In our study sample the undernourished children have shown significantly reduced (P<0.05) levels of systolic and diastolic blood pressure. This might be one of the reasons for increased level of normative values as compared to previous Indian standards in which children with <5th percentile of BMI (Undernourished) are not excluded(5). Further more, blood pressure is found to be associated with BMI both in normal and obese children(18-21). The higher level of BMI observed in our sample (except for 6 year) might be a contributing factor for our study population having higher values of blood pressure because body size appears to be a major determinant of BP and study by Ramachandran et al., reports that there is a high prevalence of overweight in adolescent children in India(22,23).

The socioeconomic status of the subjects in this study was not considered as the reference values are developed on the basis of BMI of the individuals, which was between 5th-95th percentiles of reference sample.

Limitations of the study

Though the sample was collected from various schools, sample sizes were very low for extreme ages 3, 5 and 17, 18 years to derive the normative values and making it applicable to general population. The sample size for age year 5 was 70 and for age years 3,17, and 18 the sample size was about 100 only, hence care should be taken in interpreting results of these age years.

While it is recommended to use average of multiple blood pressure measurements taken for weeks to months to characterize individual’s blood pressure level, high cost, limited resources and time restricted the authors from doing so. However studies on effect of sequential blood pressure reading in normal and hypertensive adults have indicated that the difference between the subsequent BP measurements depends on age, BMI and initial BP level(24,25). This may be the one of the reasons why no significant difference was observed between the first and second reading of BP in 275 young subjects of our study. But efficacy of single measurement protocol in young individuals needs to be established.

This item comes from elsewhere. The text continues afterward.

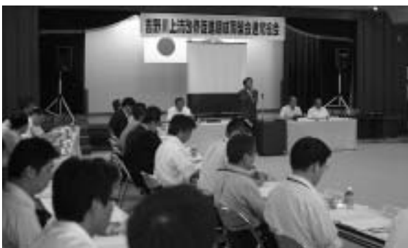
▲吉野川上流改修促進期成同盟会通常総会の様子
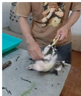
Keterangan : Proses Penyembelihan dan Pencabutan Bulu

Even though the blood pressure measurements were measured as exact as possible there may be some digit preference in our data. This effect is unlikely to be large as reported in the previous studies(7,26). Blood pressure is also influenced by various other factors such as time of the day, ambience, fasting vs. non-fasting state of the subject etc., which could not be controlled in the study.

Acknowledgements

We would like to thank Dr. Anura Kurpad and Dr. M. Vaz, Department of Nutrition, St. John’s Medical College, for critical review of the data and Dr. Rajeev Sharma, Head, Department of Physiology, MSRMC, for the support.

Contributors: Concept, design and final approval by PKM and ND; acquisition, interpretation and drafting by PK; PK will act as the guarantor of the study; Analysis of data by TK.

Funding: Dr. Thennarasu was supported by Fogarty International Training Grant Number D43 TW00 5811.

Competent interests: None.

Key Messages

• This study gives the insight into the blood pressure ranges in the healthy children of state of Karnataka. The authors believe that the table could be useful to decipher a particular child’s blood pressure as normal or outside the normal range.